In 1925, Nyiregyházi sued his concert manager, R. E. Johnston, alleging that accompanying singers and instrumentalists were treating him as an inferior artist. He lost the suit, and thereafter had difficulty finding concert work. In addition, Nyiregyházi, fearing comparison with other pianists, was reluctant to play standard repertoire, preferring his own transcriptions of orchestral and operatic works. By the time of Schoenberg's letter, Nyiregyházi's career seemed to be effectively over.

Nyiregyházi was married ten times. His first wife allegedly attacked him with a knife, leading to a messy publicized divorce. Though born into comfortable circumstances (his mother insisted that the servants tie his shoes and feed him by hand so as to relieve him of mundane concerns), he nonetheless spent the better part of his life in poverty, at times reduced to sleeping in subways.

In 1928, Nyiregyházi moved to Los Angeles and worked for a film studio, initially playing piano reductions of film scores, and later as a hand double. His hands are shown playing piano in A Song to Remember and Song of Love, among others. He became friends with Bela Lugosi and Gloria Swanson, among others, but his inability to manage his affairs led not only to financial crises but also to unusual career decisions. In the 1930s, he played piano as part of a Works Progress Administration project. But the most unusual appearance was likely a 1946 recital where he was billed as "Mr. X" and played while wearing a black silk hood. Several listeners were able to identify Nyiregyházi by his distinctive sonority. Although he continued to play occasionally, he did not own a piano for roughly 40 years.

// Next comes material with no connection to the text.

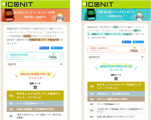 また、2022年1月~3月の「月間読み取りデータランキング」も同時に公開。今後は月間ランキングを毎月更新してまいります。更新情報は「アイコニット」公式ホームページ、SNSアカウント(twitter、facebook、instagram、Tiktok)よりご確認ください。
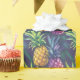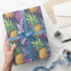 Padrão ousado de abacaxi tropical com pinceladas pictóricas em roxos, rosas, amarelos e verdes vibrantes contra um fundo roxo profundo. Este design atraente apresenta abacaxis superdimensionados com folhas exuberantes em um estilo artístico, quase impressionista. Perfeito para celebrações de verão, temas tropicais e quem ama padrões de frutas brilhantes e alegres.

Several public appearances in 1972 and 1973 led to studio recordings made in 1974 and 1978 under the auspices of the International Piano Archives and the Ford Foundation. Some of these recordings were released between 1977 and 1979 on albums on the Desmar and Columbia Masterworks labels, which briefly brought Nyiregyházi back into public view. An all-Liszt double album won Stereo Review's 1978 Record of the Year award.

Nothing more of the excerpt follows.